• Memorials to the murdered Jews of Lutsk
In the major city of Lutsk (Polish: Łuck) in the northwest of Ukraine a memorial stone remembers since 1990 the approximately 28,000 Jews murdered by the Nazis after their invasion in 1941.
Image: Lutsk, 1924, The Great Synagogue from the 17th century, YIVO Institute
Lutsk, 1924, The Great Synagogue from the 17th century, YIVO Institute

Image: Lutsk, 2007, The former Synagogue today, aisipos
Lutsk, 2007, The former Synagogue today, aisipos
Lutsk (Polish: Łuck) was the capital of the historic region of Volhynia and was part of the Russian Empire before World War I, thereafter it belonged to Poland until 1939. In 1939 the town had a population of about 39,000. 19,000 of them were Jews, the other half Ukrainians and Poles. The same year Lutsk was occupied by the Soviet Union as provided in the Molotov-Ribbentrop Pact. Many Poles were persecuted and arrested by the Soviet occupiers, Jewish institutions were closed.
When the German Wehrmacht marched into Lutsk on June 25, 1941 they were accompanied by an advance unit of the SS-Sonderkommando (SS special commando) 4a. Members of the SS immediately shot about 300 Jewish men whom they accused of arson. The advance unit discovered the bodies of up to 1,000 people, many of them Ukrainians, in the municipal prison, who had murdered by the Soviet secret service NKVD. Soon after, the rest of the Sonderkommando 4a arrived in Lutsk. Field Marshall Walter von Reichenau ordered an investigation by the Wehrmacht and the Sonderkommando 4a. Reichenau was presumably involved in the planning of the »retaliation measures«. On July 2, 1941 Ukrainian militia rounded up 1,160 Jewish men aged 16 to 60, who were then shot by members of the SS and volunteers of the Wehrmacht at the famous Lutsk castle.

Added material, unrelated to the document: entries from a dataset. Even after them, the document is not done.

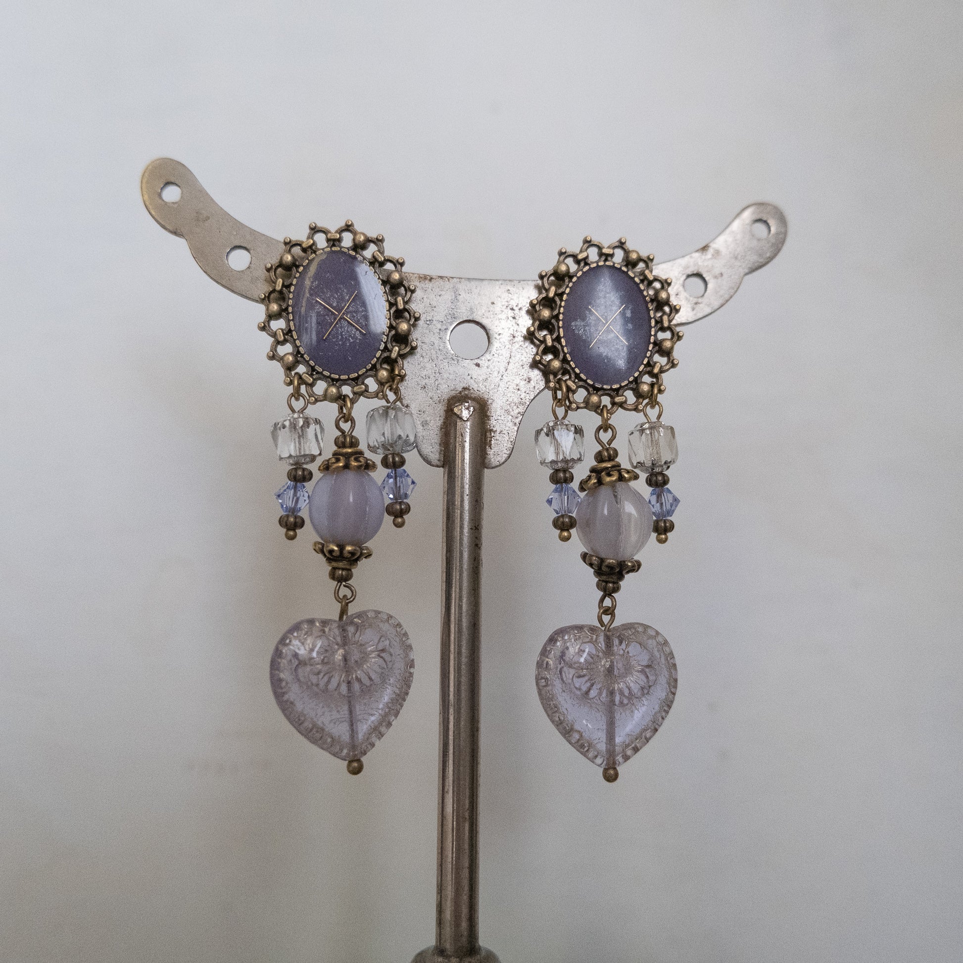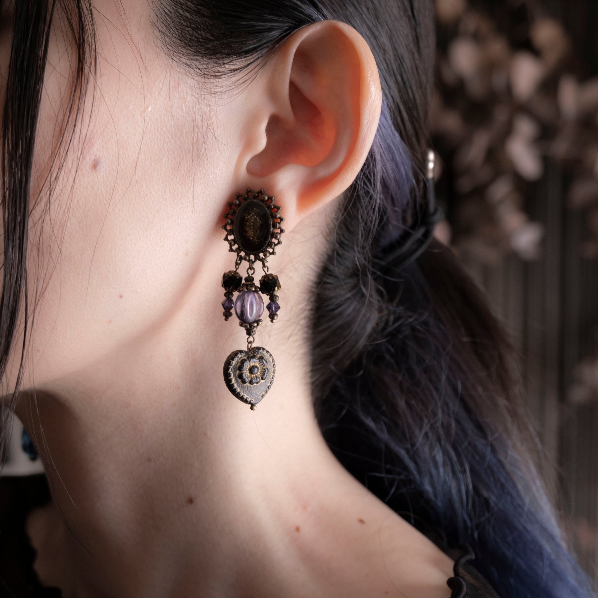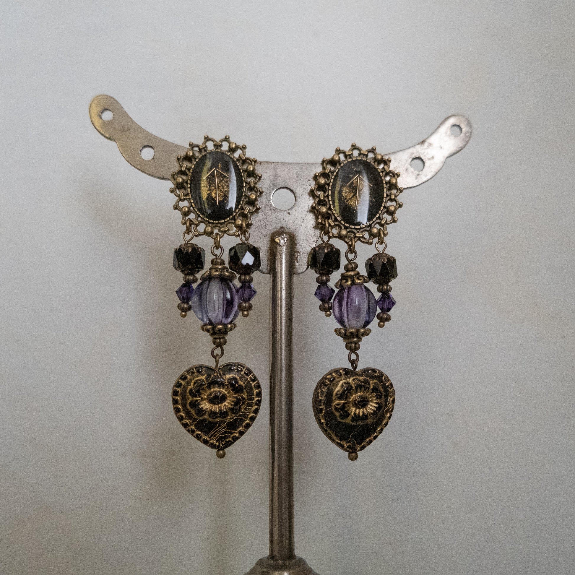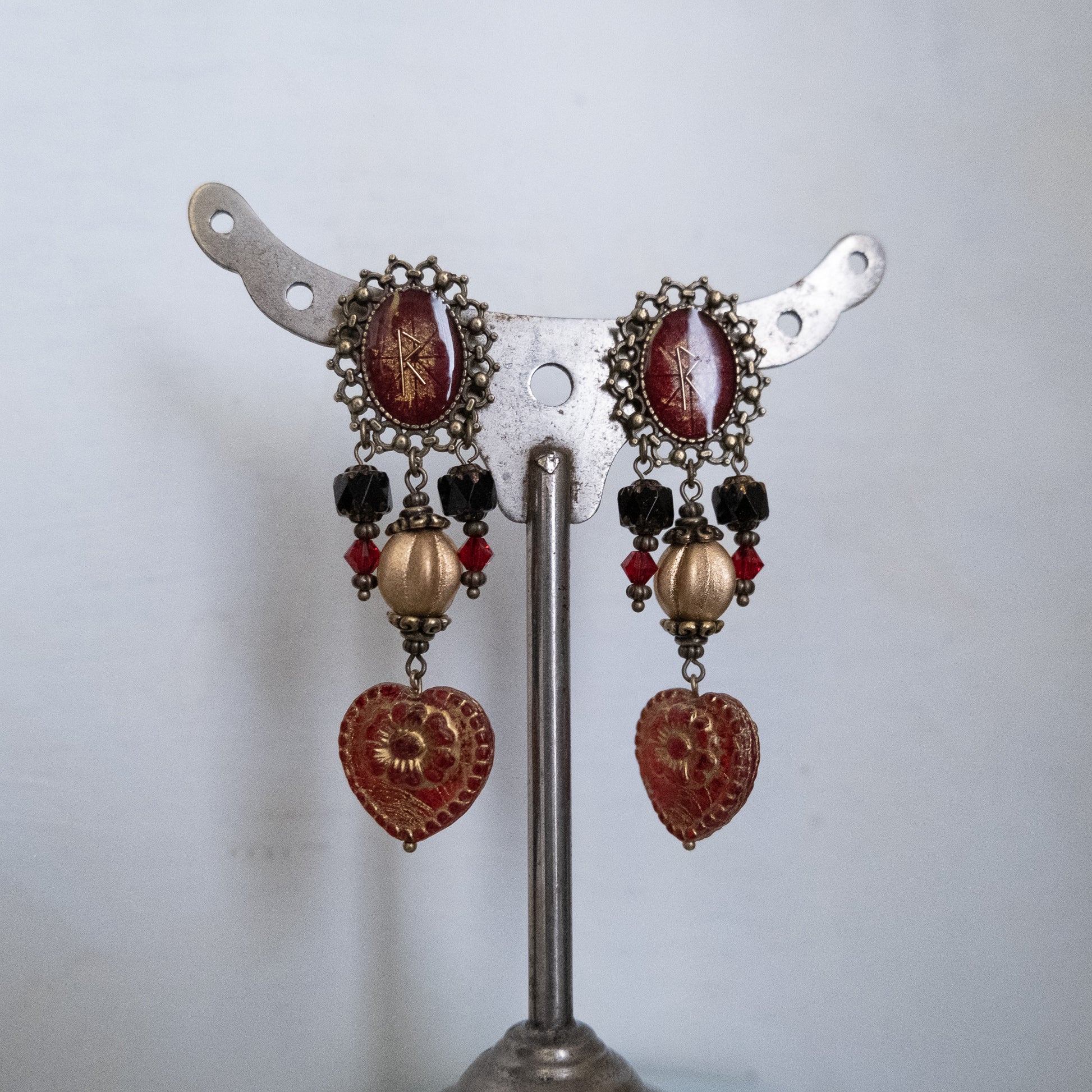 ルーン文字を描いたオリジナルパーツを使った耳飾り。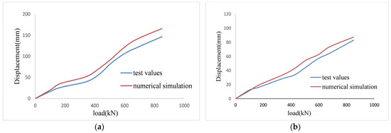 The measured data is formed into a curve diagram as shown in Figure 19a,b. The test results are lower than the finite element simulation results.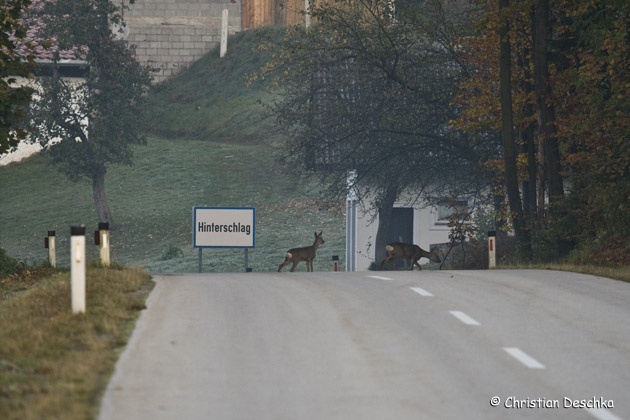 ... bevor es die Fahrbahn kreuzt. Kollisionen mit Wildtieren verursachen alljährlich hohen Sach- und Personenschaden.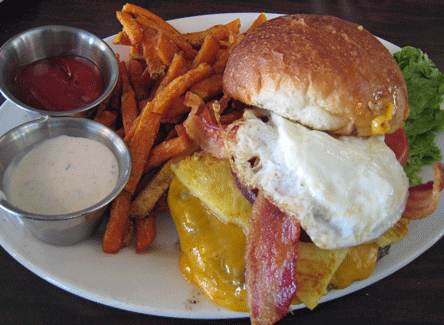 30 January 2011: Perhaps residents of the Badger State have an affinity for unhealthy foodstuffs which start with the letter “B” (beer, brats, burgers) because in Wisconsin you can’t spell burger without butter. Artery-clogging Wisconsin butter is slathered on both sides of the Wisconsin butter burger which is then topped with cheese. My friend Dale, an ectomorph from the Green Bay area loves the Standard Diner’s Bourbon Butter Burger upon which is slathered a bourbon-maple compound butter. It’s about twice the size of many of the butter burgers proffered throughout the Milwaukee area and ostensibly has at least as many calories. Though this burger should come standard with an angioplasty, it’s a very good burger.

From autumn 1942 about 500 Jews had to conduct forced labour in a camp, the other approximately 17,000 Jews had to move to a ghetto in December 1941. Between August 20 and 23, 1942 members of a special unit of the SS took all the Jews from the ghetto to prepared pits outside of town and shot them. The last Jews from Lutsk were murdered in September 1942 by members of the SS.

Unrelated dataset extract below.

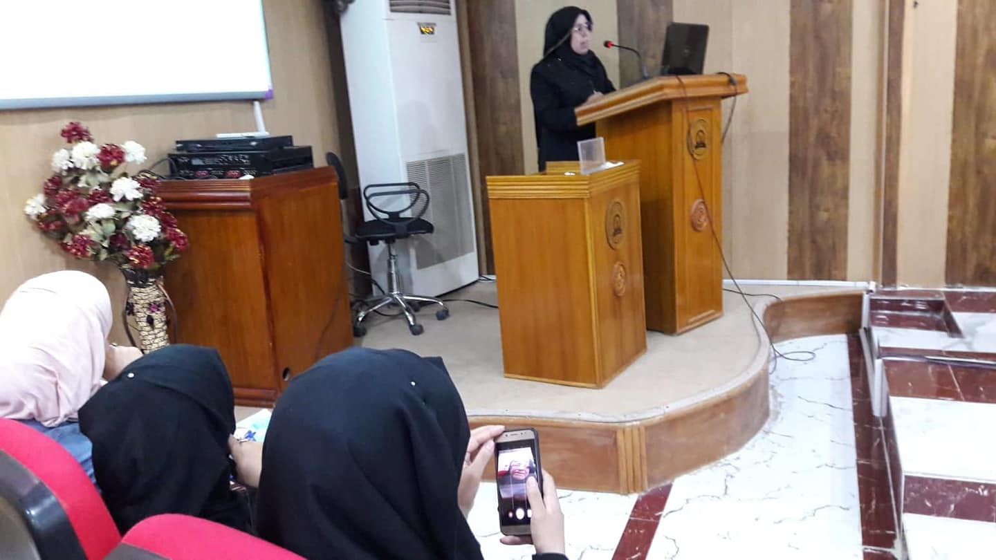 10/03/2018حلقات دراسية لطلبة الدراسات العليا في كلية الزراعة جامعة المثنى ضمن النشاط الفصلي لقسم علوم التربه والموارد المائيه ..القت طالبه الدراسات العليا اكتفاء نعيم جاسم حلقة دراسيه حول ملوثات التربة ومعالجتها حيويا وجرت على قاعة جابر بن حيان التابعه الى كلية الزراعة ..وبحضور رئيس قسم التربة الدكتور حنون ناهي كاظم والعديد من أساتذة القسم.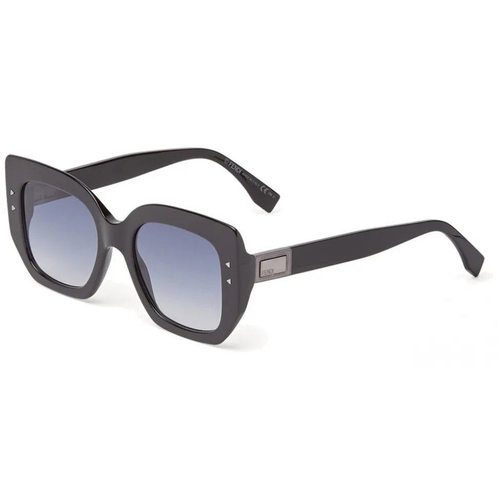 Sunglasses with a square shape in black acetate. The sophisticated design is highlighted by the geometric cuts of the frame. Ruthenium zipper with engraved Fendi logo, inspired by the iconic Fendi bag: the Peekaboo. Internal customization of the auction with hot stamped “Peekaboo”. Blue lenses.

Image: Lutsk, 1924, The Great Synagogue from the 17th century, YIVO Institute
Lutsk, 1924, The Great Synagogue from the 17th century, YIVO Institute

Image: Lutsk, 2007, The former Synagogue today, aisipos
Lutsk, 2007, The former Synagogue today, aisipos
Members of the SS-Einsatzgruppe C (mobile killing unit) shot approximately 1,500 Jewish men in summer 1941. All Jewish men, women and children who survived the ghetto – up to 20,000 people – were shot by the SS in summer and autumn 1942.

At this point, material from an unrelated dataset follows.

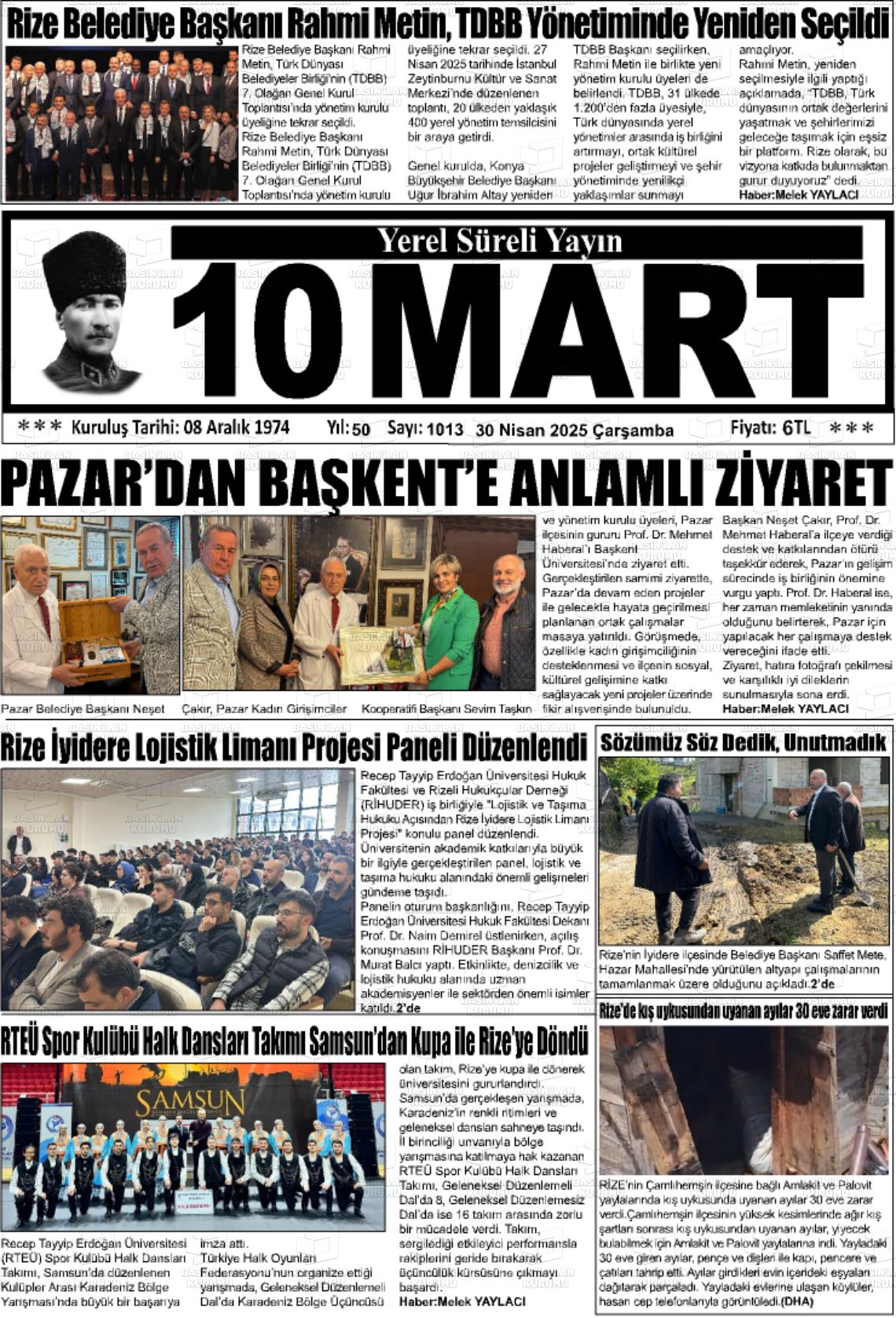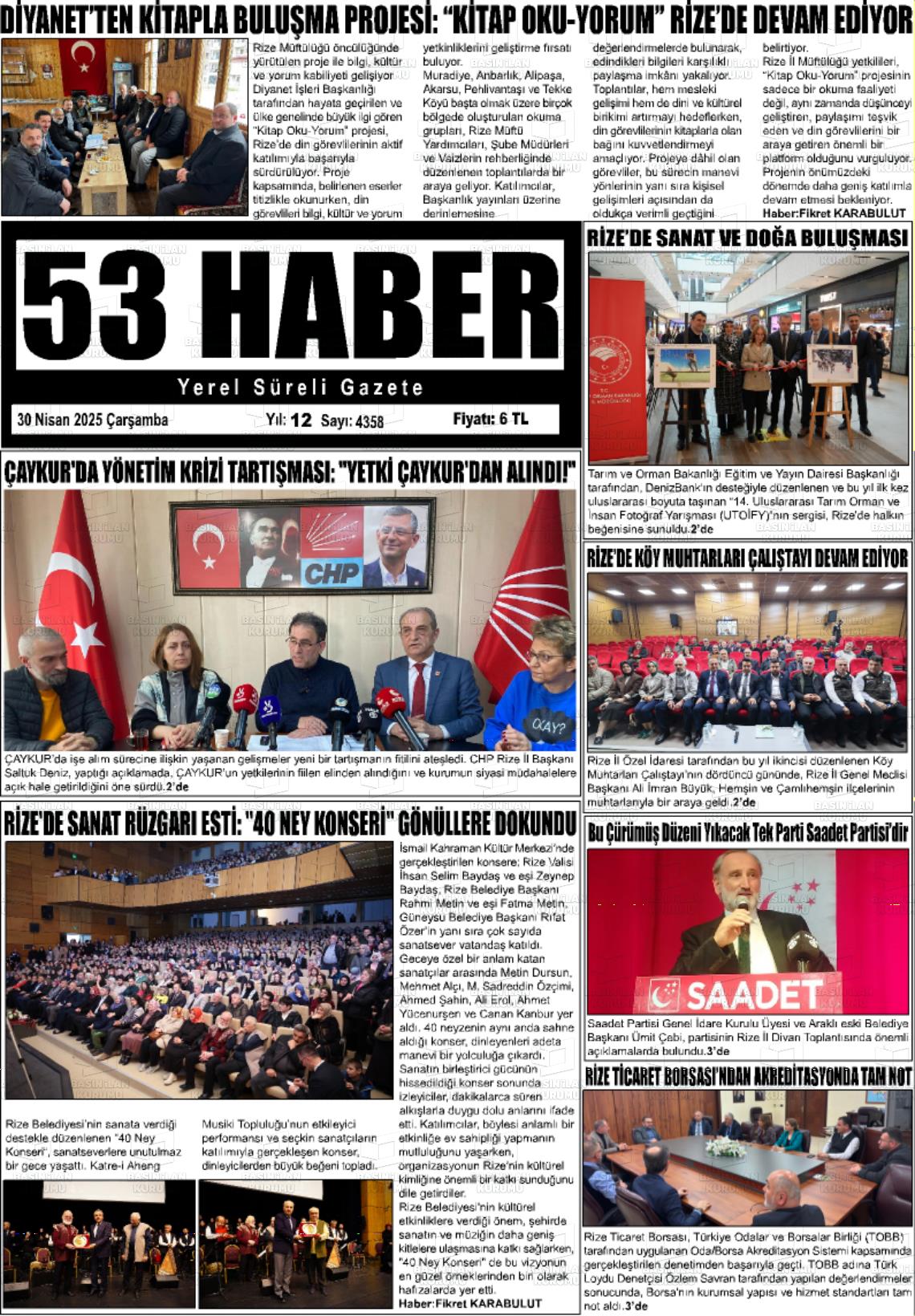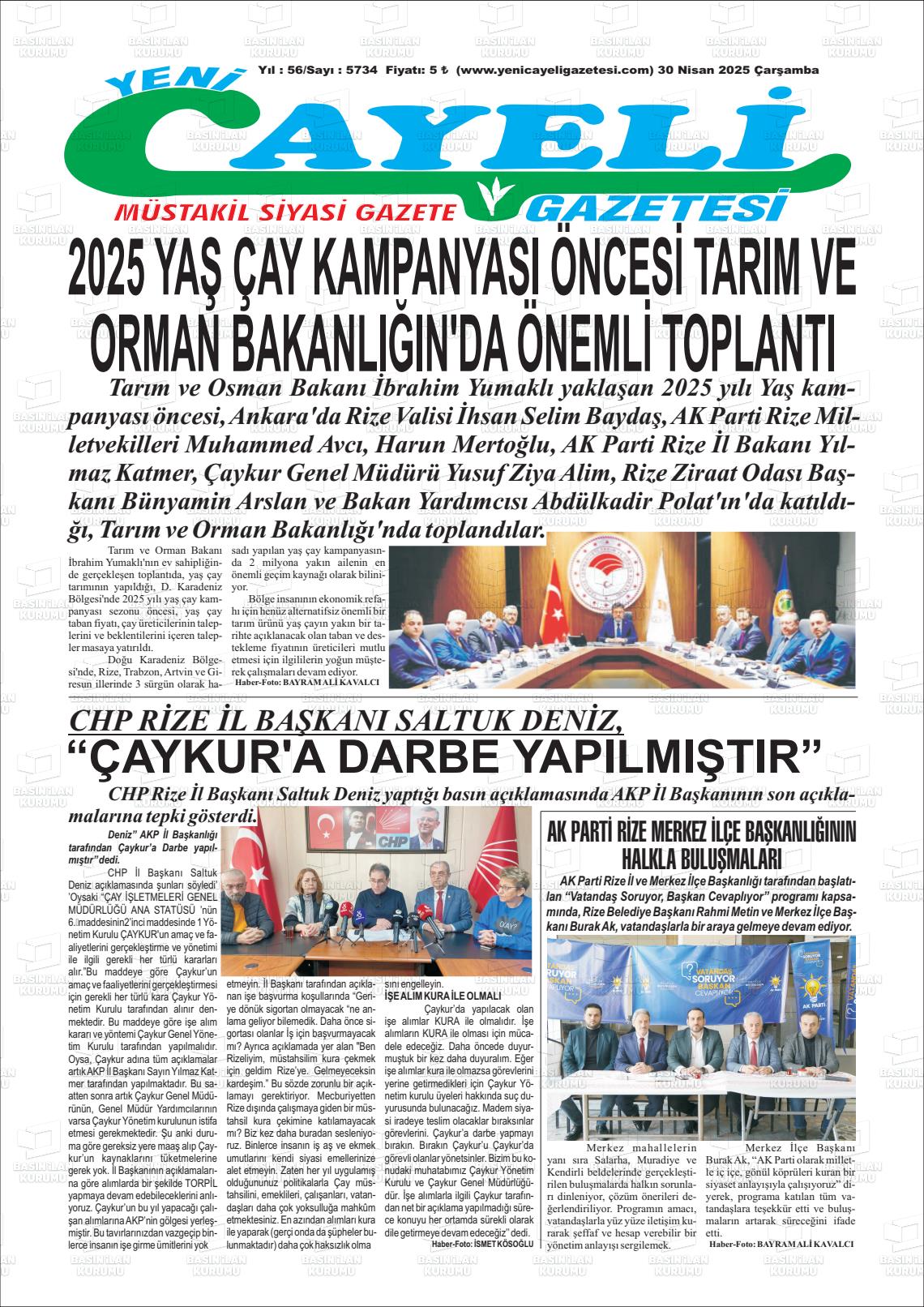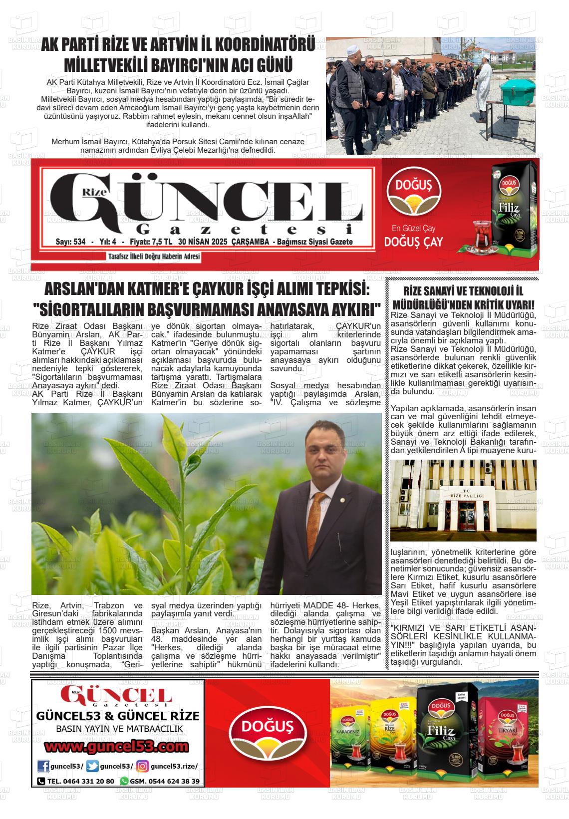 Rİze Yerel Gazeteleri 08 Ekim 2025, Çarşamba Günü Manşeti

Image: Lutsk, 1942, Street after the liquidation of the ghetto, Yad Vashem
Lutsk, 1942, Street after the liquidation of the ghetto, Yad Vashem

Image: Lutsk, 2007, Gravestone from the destroyed Jewish cemetery at the Holocaust memorial, aisipos
Lutsk, 2007, Gravestone from the destroyed Jewish cemetery at the Holocaust memorial, aisipos
After the war only 150 Jews returned to Lutsk. A small Jewish community emerged. However, from the 70s onwards most of the Jews from Lutsk immigrated to Israel. At the site of the mass shootings south of town a memorial was erected in 1990. It is lined by headstones of the Jewish cemetery destroyed long ago. Another reminiscence to the once flourishing Jewish life in Lutsk is the Great Synagogue, built in the 17th century in Renaissance style. It was not only used for religious purposes but also served as a community centre and a fortress. Parts of the building were severely damaged in the war, today it serves as a club house of a sports club. In 1995 a small memorial plaque was mounted on the outside wall of the former synagogue. The inscription in Hebrew and Ukrainian not only points out the importance of the synagogue as a monument but also remembers the »tens of thousands of Jews from the Lustk ghetto murdered by the Fascists in 1942«.
Image: Lutsk, 2007, Holocaust memorial at the site of the mass shootings of 1942, aisipos
Lutsk, 2007, Holocaust memorial at the site of the mass shootings of 1942, aisipos

Image: Lutsk, 2005, Memorial plaque on the wall of the Great Synagogue, Stiftung Denkmal
Lutsk, 2005, Memorial plaque on the wall of the Great Synagogue, Stiftung Denkmal
Name
Pamjatniki schertwam holokostu u Luzku
Address
Memorial: ul. Ahronomichna / Synagogue: bul. Danyla Halytskoho 33
43016 Lutsk
Open
The memorials are accessible at all times.